We’re Only Human (and Why That’s a Good Thing)
The fear around AI is particularly acute in qual research because the work we do is fundamentally of a human nature. Quantitative research translates human attitudes and behaviors into numbers. Qualitative research, on the other hand, is all about complexity, lived experience, and subjective interpretation inherent in being human. With its calculated algorithms and machine learning, AI seems antithetical to the very core of qual.
But AI doesn’t have to mean the death of qual market research, or the obsolescence of the human researchers and moderators who conduct it. Rather, we believe that AI can illuminate what matters most to researchers and the clients who hire them. By letting AI tools do all the heavy lifting—data processing, transcribing, pattern finding, and report generating—researchers can focus on what they do best: uncovering and interpreting context, nuance, and human emotion that underpin truly difference-making insight. And making this insight more accessible to stakeholders.
Instead of eroding the quality of qual insights, AI can help human researchers enhance it. So it’s no longer AI vs. Humans, but AI + Humans. For this harmonious partnership to happen, however, we must clearly differentiate what AI is good at, and what human researchers are good at.

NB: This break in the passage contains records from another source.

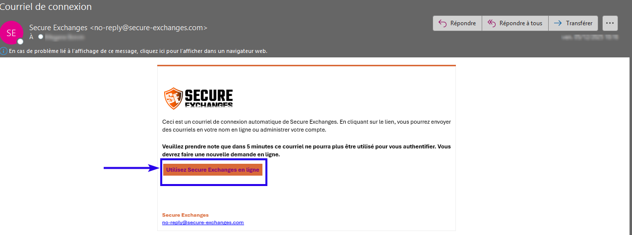 - Vous recevrez un message contenant un lien intitulé : « Utilisez Secure Exchanges en ligne »
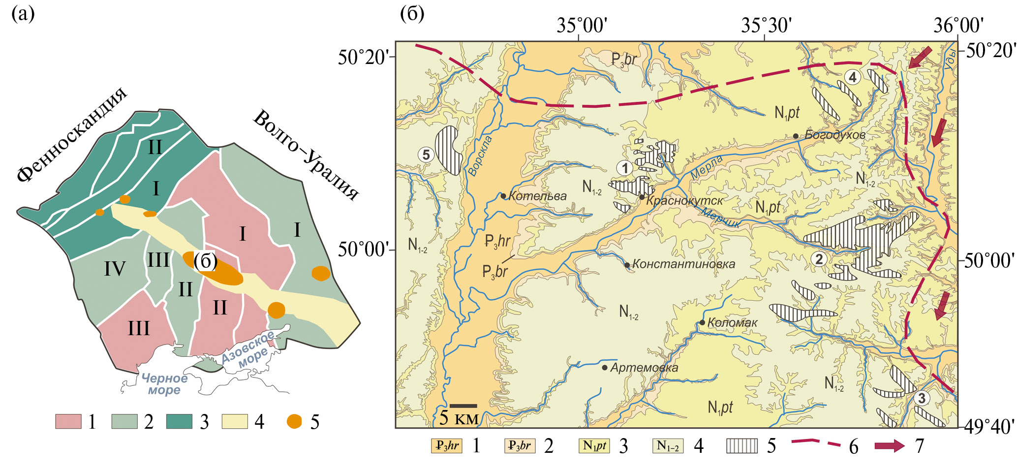 Рис. 1. Карта-схема тектонического расположения (а) и геологического строения (б) Днепровско-Донецкого россыпного района с элементами палеогеографии нижне-миоценового времени. а. Блоки фундамента Сарматии [по 11, 14]: 1– архейского возраста: I – Курский, II – Сумско-Приднепровский, III – Подольский; 2 – палеопротерозойского возраста 2.2–2.0 млрд л.: I – Восточно-Сарматский ороген, II – Ингульско-Севский, III – Росинско-Тичикский, IV – Волынский; 3 – палеопротерозойского возраста 2.0–1.9 млрд л.: I – Осинско-Микашеский магматический пояс, II – Центрально-Белорусская шовная зона; 3 – Припятско-Днепровско-Донецкий авлакоген; 5 – области развития девонского магматизма; б: 1 — харьковская свита, палеоген; 2 — берекская свита, палеоген; 3 – полтавская свита (новопетровская свита), нижний миоцен); 4 — верхний миоцен-нижний плиоцен; 5 — направление сноса титановых и циркониевых минералов; 6 — положение береговой линии в результате трансгрессии Субпаратетиса; 7 — контуры месторождений; 8 — месторождения редкометалльно-титановых руд (1 — Краснокутское, 2 — Мерчикское, 3 — Нововодолажское, 4 — Богодуховское, 5 — Куземинское).
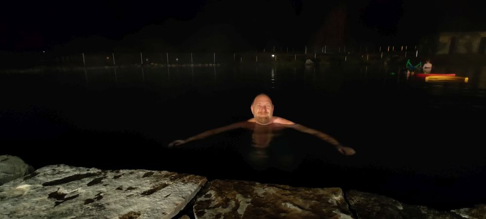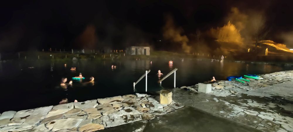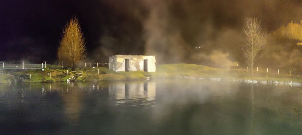 Weiter geht’s zum Ort für die Nacht, Flúðir. Nach 25 Kilometern sind wir im Guesthouse Flúðir – Grund angekommen. Dort checken wir ein und sind auch schon wieder dahin. Wir haben Tickets für die Secret Lagoon. Die Geheime Lagune wurde „Gamla Laugin” genannt, was „alter Pool“ bedeutet. Der Pool entstand im Jahre 1891. Der thermale Pool hat eine konstante Temperatur von 38 bis 40°C. Wir baden ausgiebig im wirklich sehr warmen Wasser bis zum Badeschluss um 19:00 Uhr und fahren wieder zurück in die Unterkunft. Dort essen wir Pilzsuppe und köstliche Icelandic Fish & Chips und trinken Wikinger-Bier.

Recognizing Patterns vs. Recognizing Emotions
AI is awesome at summarizing transcripts, clustering comments, flagging themes, and calling out patterns that take the human eye much longer to recognize. Human researcher are good at experiencing the emotional weight of study participants’ responses, the subtle ways people frame their answers. We see the nuances that AI simply can’t.
AI is also a great tool for conducting real-time analysis during field work, alerting moderators to emerging themes for further exploration. The human researcher knows how to act on this information, quickly pivoting to adjust the line of questioning and delve deeper.
Yes, it’s important to make note of recurring themes. But it’s also important to interpret and make sense of those patterns. That’s where human researchers excel, bringing to bear their cultural awareness, psychological understanding, industry expertise, and empathy—all qualities that exceed the capabilities of the algorithm.
Raw Data vs. Strategic Guidance
AI is fantastic at summarizing massive amounts of data in seconds. But clients don’t just want the facts; they need strategic guidance to help with critical business decision making. After all, that’s what they’re paying for. They want to know how respondent sentiment connects to product strategy, brand positioning, and business goals. Human researchers provide that interpretive bridge, closing the gap between cold-hard data and actionable insight. AI lays the scaffolding, while human researchers build and refine the structure.
Human researchers can harness AI’s report-generating prowess to help connect the dots for stakeholders. AI can quickly sift through lengthy slide decks to pull out the most relevant and compelling quotes. It can create heat maps of themes, word clouds, and other interactive visuals that make it easier to share findings in a way that’s most meaningful to stakeholders.